Magistrado ponente: Gustavo Hernando López Algarra

Decreto 2591 de 1991

República de Colombia Corte Suprema de Justicia Radicación no 58073 CORTE SUPREMA DE JUSTICIA SALA DE CASACIÓN LABORAL GUSTAVO HERNANDO LÓPEZ ALGARRA Magistrado Ponente STL4223-2015 Radicación no 58073 Acta no 10 Bogotá D.C., ocho (8) de abril de dos mil quince (2015). Decide la Corte sobre la impugnación interpuesta por ORLANDO TAMAYO LÓPEZ contra la decisión proferida por la SALA DE CASACIÓN CIVIL DE LA CORTE SUPREMA DE JUSTICIA el 12 de febrero de 2015, que negó el amparo solicitado dentro de la acción de tutela promovida por el recurrente contra la SALA CIVIL FAMILIA DEL TRIBUNAL SUPERIOR DEL DISTRITO JUDICIAL DE MANIZALES.

I.

ANTECEDENTES El accionante interpuso la presente queja constitucional en procura de obtener la protección de sus derechos fundamentales al acceso a la administración de justicia, a la igualdad y de petición. Para el efecto adujo, en lo que interesa al presente trámite, que presentó un derecho de petición ante la Sala Civil Familia del Tribunal Superior del Distrito Judicial de Manizales, en el que solicitó la « RENUNCIA » al Magistrado que conoce del proceso de impugnación de paternidad que adelanta, ello en atención a que el ponente «ha demostrado que no es competente para conocer » del asunto.

Relató que dicha solicitud fue negada por parte de quien conoce del asunto, pese a que la misma estaba dirigida a la presidencia del Tribunal. Acotó que la solicitud la elevó en razón a que años atrás, el funcionario judicial en mención, conoció en segunda instancia de un proceso de divorcio que promovió, y revocó la decisión del a quo que acertadamente había condenado «a la señora Diana Patricia López Tangarife como culpable del divorcio».

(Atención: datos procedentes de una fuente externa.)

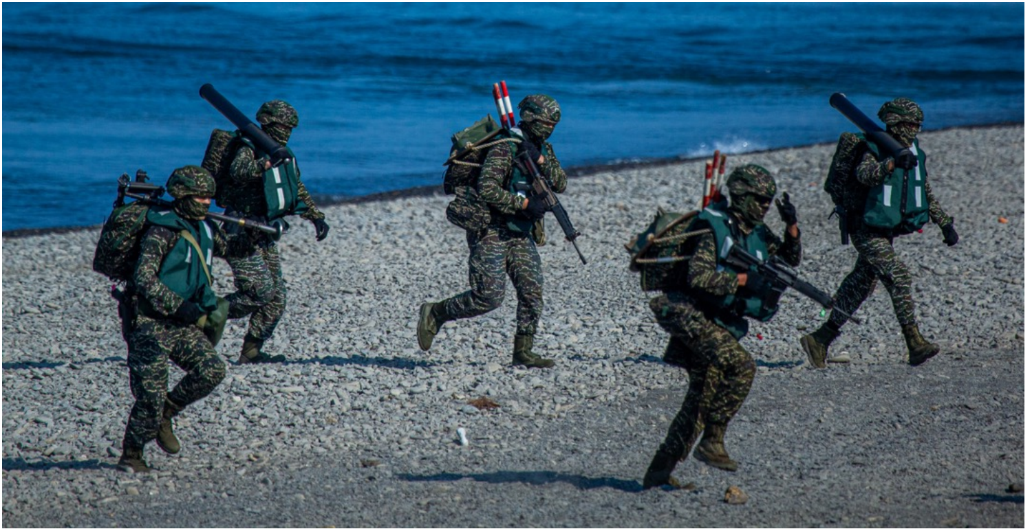
2022年7月28日，台湾屏东举行年度汉光演习，士兵从一辆AAV7两栖突击车登陆上岸。

Explicó que en dicha ocasión el trámite ante el colegiado fue dispendioso y culminó con una sentencia contraria a sus intereses. Agregó que en el proceso de impugnación de paternidad, el Juzgado Sexto de Familia le impartió un trámite equivocado, situación que motivó que presentara una acción de tutela, la cual fue decida de manera adversa por quien ahora le corresponde fallar vía ordinaria el asunto.

Afirmó que el Magistrado Ponente « no es la persona idónea para continuar conociendo de este proceso, ya que denoto una ALTA contaminación en su proceder en mí contra; al parecer INFLUENCIADA por la contraparte. Ya que sus actuaciones no han sido en concordancia con la Verdad y los hechos que se le ha expuesto». Por lo anterior, solicitó el amparo de los derechos fundamentales que considera vulnerados y, como consecuencia de ello, se ordene, que dentro de las 48 horas siguientes a la notificación del fallo, « se dé respuesta AL DERECHO DE PAETICION(sic) POR PARTE DE LA PRESIDENTA » del Tribunal accionado.

II. TRÁMITE Y DECISIÓN DE INSTANCIA Mediante proveído del 5 de febrero 2015, el a quo admitió la acción de tutela, ordenó notificar al accionado, con el fin de que ejerciera los derechos de defensa y contradicción. Surtido el trámite de rigor, la Sala cognoscente de este asunto constitucional en primer grado, mediante sentencia calendada de 12 de febrero de 2015, negó la protección suplicada.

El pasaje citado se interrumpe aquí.